What you should give back is a precise copy of the lines below from the one containing "Product Description: The" through the one containing "第5步、接著,合入切好的土豆和香腸,加適量的醬油。", with no pictures.

::: SOURCE DATA

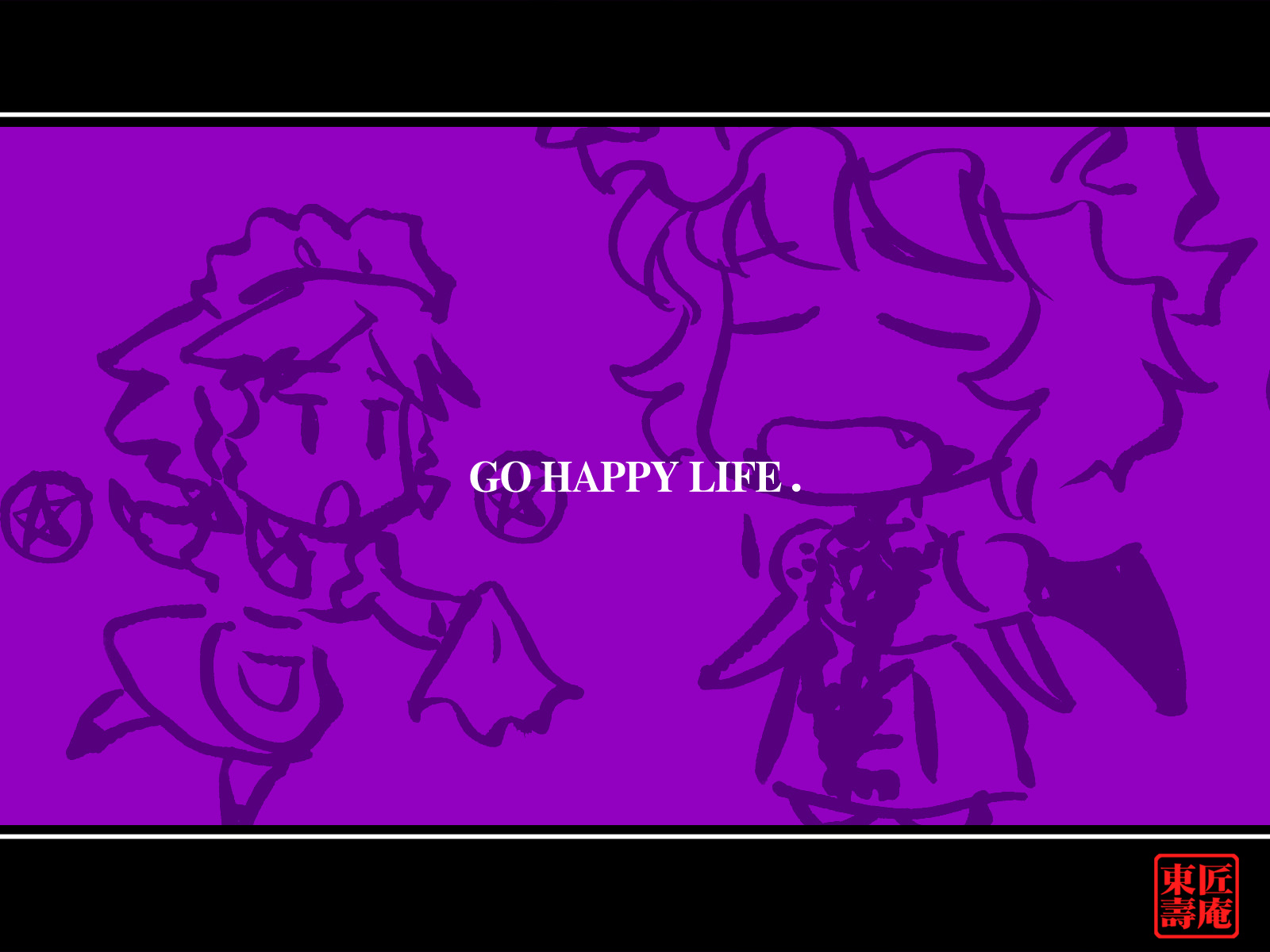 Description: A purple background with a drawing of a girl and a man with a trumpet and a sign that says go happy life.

::::::
::: SOURCE DATA

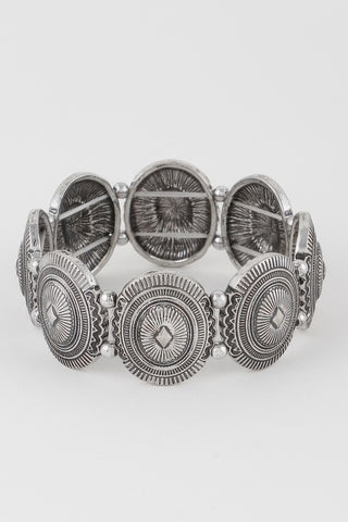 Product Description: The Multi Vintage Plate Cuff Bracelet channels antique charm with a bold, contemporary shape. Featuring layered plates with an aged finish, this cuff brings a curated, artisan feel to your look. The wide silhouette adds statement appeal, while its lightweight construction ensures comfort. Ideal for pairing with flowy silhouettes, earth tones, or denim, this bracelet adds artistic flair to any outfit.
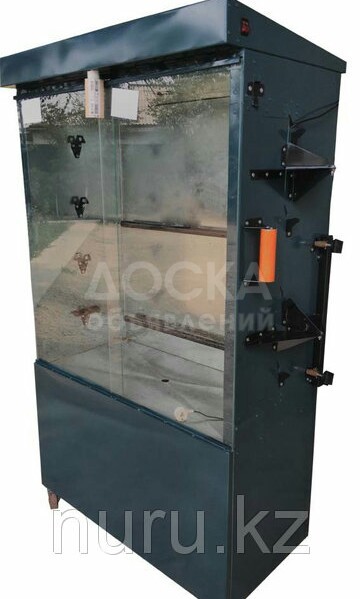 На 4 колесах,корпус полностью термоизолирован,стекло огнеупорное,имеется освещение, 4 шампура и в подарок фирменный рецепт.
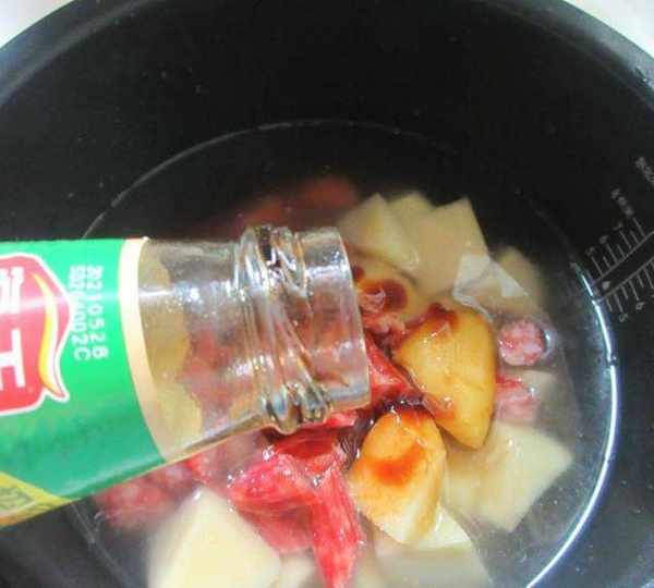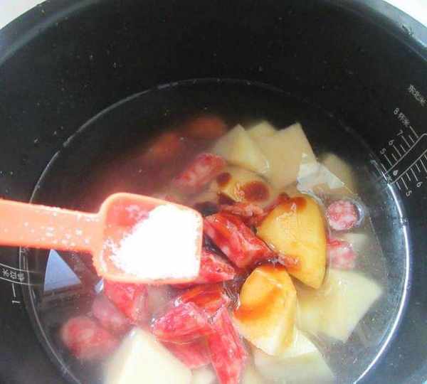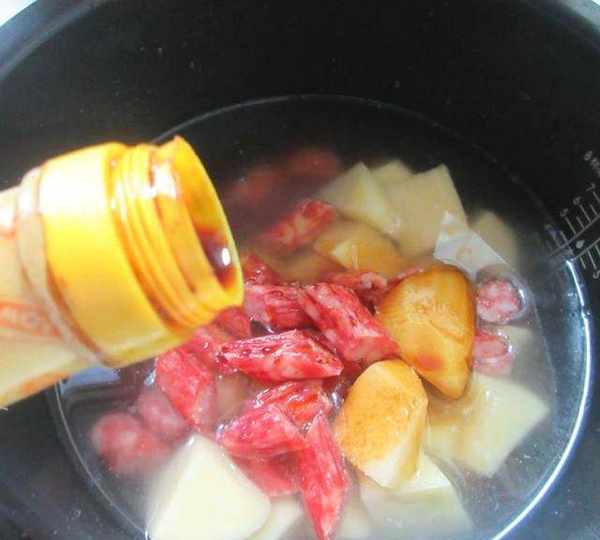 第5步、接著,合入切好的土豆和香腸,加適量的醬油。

::::::

→ **ANSWER TO THIS TASK**
 Product Description: The Multi Vintage Plate Cuff Bracelet channels antique charm with a bold, contemporary shape. Featuring layered plates with an aged finish, this cuff brings a curated, artisan feel to your look. The wide silhouette adds statement appeal, while its lightweight construction ensures comfort. Ideal for pairing with flowy silhouettes, earth tones, or denim, this bracelet adds artistic flair to any outfit.
 На 4 колесах,корпус полностью термоизолирован,стекло огнеупорное,имеется освещение, 4 шампура и в подарок фирменный рецепт.
 第5步、接著,合入切好的土豆和香腸,加適量的醬油。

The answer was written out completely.